First-quarter net income jumped 21% to $4.77 billion, or 1.51 cents a share, the firm said Thursday. Excluding accounting adjustments, earnings per share were $1.52, surpassing the $1.39 average estimate of 27 analysts surveyed by Bloomberg.

Chief Executive Michael Corbat is focusing on targets for curbing costs and boosting returns after winning Federal Reserve approval to increase capital payouts to shareholders. In the fourth quarter, he sought to put much of the bank's expenses from probes, severance and office closures in the past by setting aside more than $3.5 billion. Chief Financial Officer John Gerspach has said the move would resolve a "significant portion" of the firm's legal burden.

"We tightly managed our expenses," Corbat, 54, said in a statement. "We are on track to hit our financial targets for the year."

First-quarter expenses dropped 10% to $10.9 billion. Legal and repositioning costs accounted for $403 million of that, down 65% from a year earlier.

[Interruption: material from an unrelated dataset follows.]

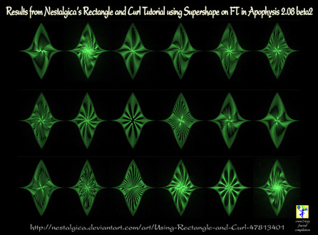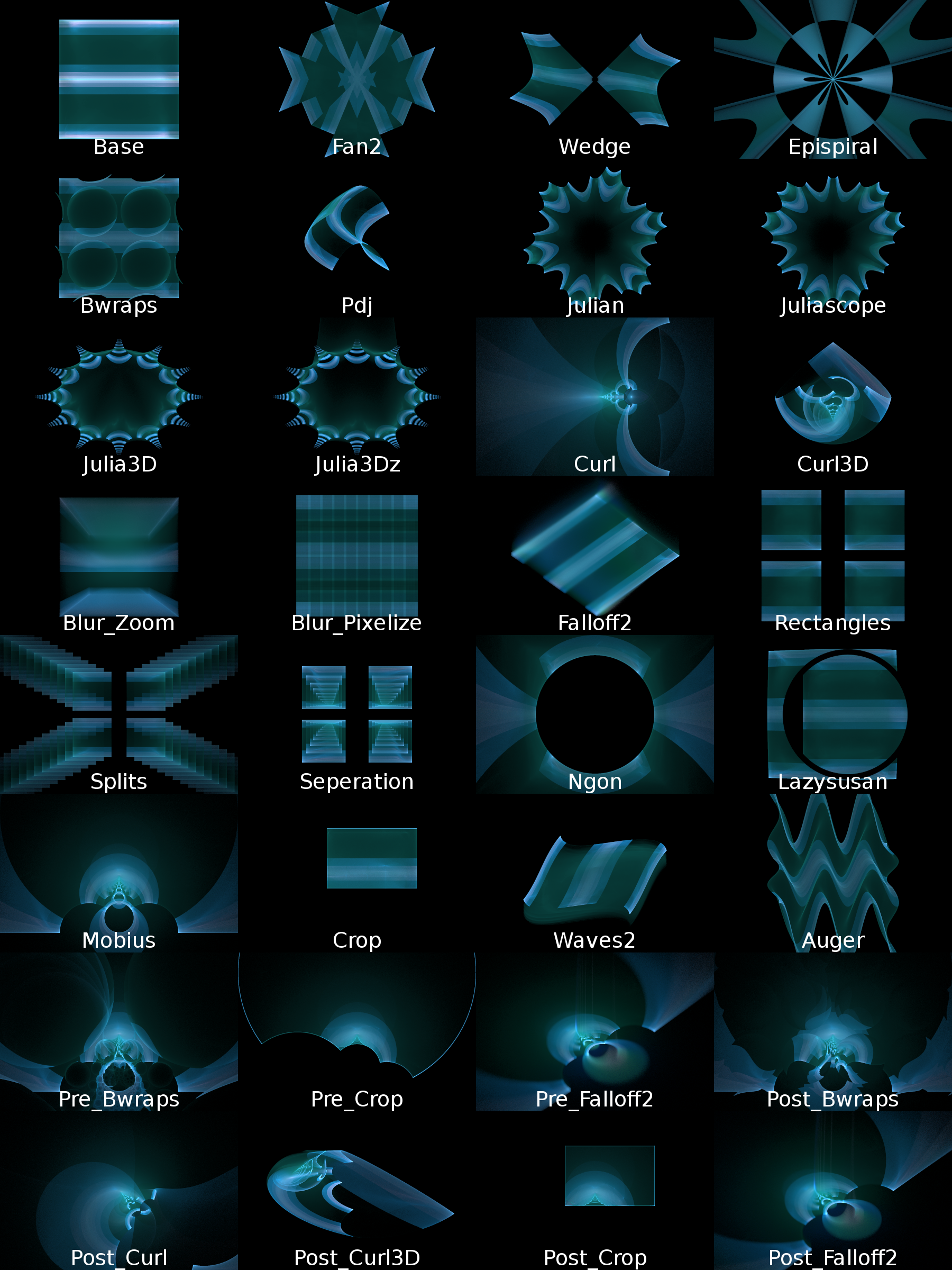 The first volume of reference flames I made for myself. This volume is all of the native variations in Apophysis 7x that have more then 2 variables. I wanted to be able to see what all the parameters looked like without having go through all the variations for each transform.Included in the 7z file is the picture, a flame file with all the flames in it and a readme file with my various notes on the different variations, what the variables do and some links to some dA tutorials that I found very helpful. The flame file makes use of the stripes plug-in so make sure you have that. 3D flames have a pitch and yaw of 45 degrees and pre and post variations were all used with the mobius variation because it projects onto itself well.

The lender is still contending with investigations into money-laundering controls and rigging of interest rate and currency benchmarks. Its main banking subsidiary is under pressure to plead guilty to a felony in the foreign-exchange probe, two people briefed on the matter said earlier this month.

Total revenue excluding accounting adjustments fell 1.9% to $19.8 billion, in line with analysts' estimates.

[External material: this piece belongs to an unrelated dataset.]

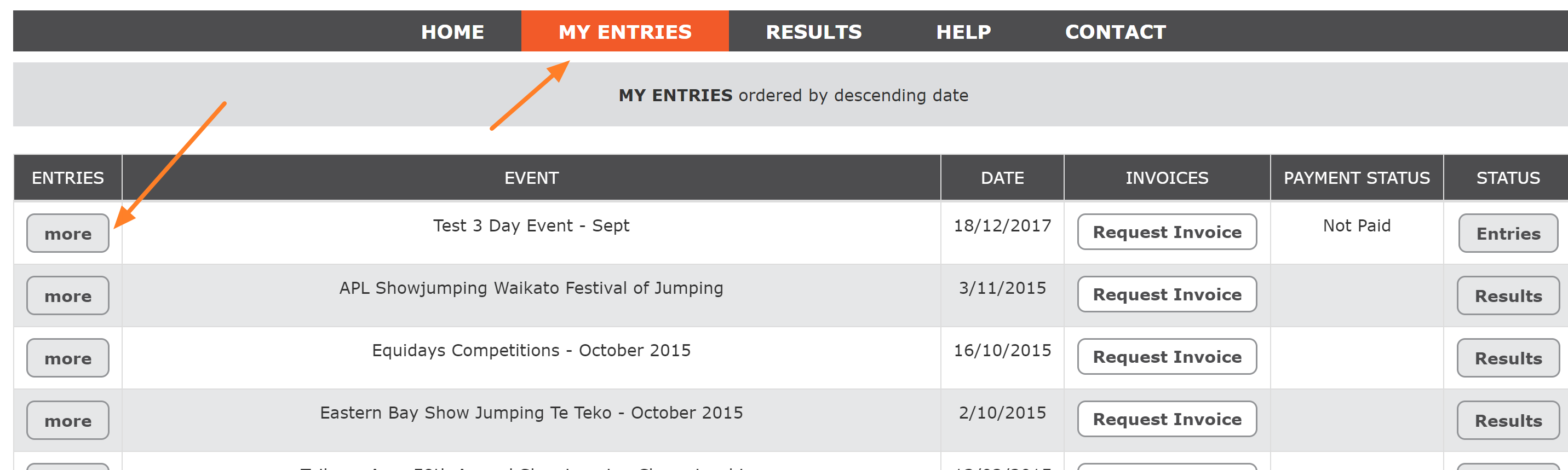 On the My Entries page you can make changes to your entry including changing the horse, changing the rider, changing the class and scratching from the event. When you make changes here, a message is sent the event secretary and they will make the changes manually so it may take some time to appear online.

Revenue from bond and equity trading, overseen by Paco Ybarra, dropped 9.5%, to $4.36 billion. Gerspach had predicted March 2 that it would fall by as much as a "high single-digit" percentage. The New York-based bank incurred more than $150 million in losses on the Swiss franc's surge in January, a person briefed on the matter said at the time.

Fixed-income, currencies and commodities trading revenue, excluding some accounting adjustments, slumped 11% from a year earlier to $3.48 billion, missing the $3.64 billion estimate of five analysts surveyed by Bloomberg. At JPMorgan Chase & Co., the nation's largest bank, revenue from that business rose 4.5 % to $4.07 billion. At Bank of America Corp., it fell 7 % to $2.75 billion.

Citigroup's revenue from equities trading slipped 1%, to $873 million. That compares with JPMorgan's 22% jump to $1.61 billion, and Bank of America's 0.9% decline to $1.15 billion.

Net income at the institutional clients group rose 1.6 % to an adjusted $2.97 billion on revenue of $9.03 billion. The unit houses the bank's trading, corporate and investment banking, private bank, and transaction-services businesses. Investment banking revenue climbed 14 % to $1.2 billion.

Global consumer banking, led by Manuel Medina-Mora until his June 1 retirement, boosted net income 3.8 % to $1.73 billion.

Corbat picked Stephen Bird, a 17-year Citigroup veteran who most recently led the Asia-Pacific region, to succeed Medina-Mora. Bird will move to New York and seek to follow through on Corbat's plan to simplify and move two dozen markets onto a single technology system that gives a common consumer experience regardless of location.

Citi Holdings, the unwanted assets the bank has tagged for sale, earned $146 million. Assets fell 5.4% to $122 billion by the end of last month from the fourth quarter.

Citigroup's shares have declined 1.7 % this year, compared with a 1.3% decline in the Standard & Poor's 500 Financials Index. The stock rose 3.8% last year.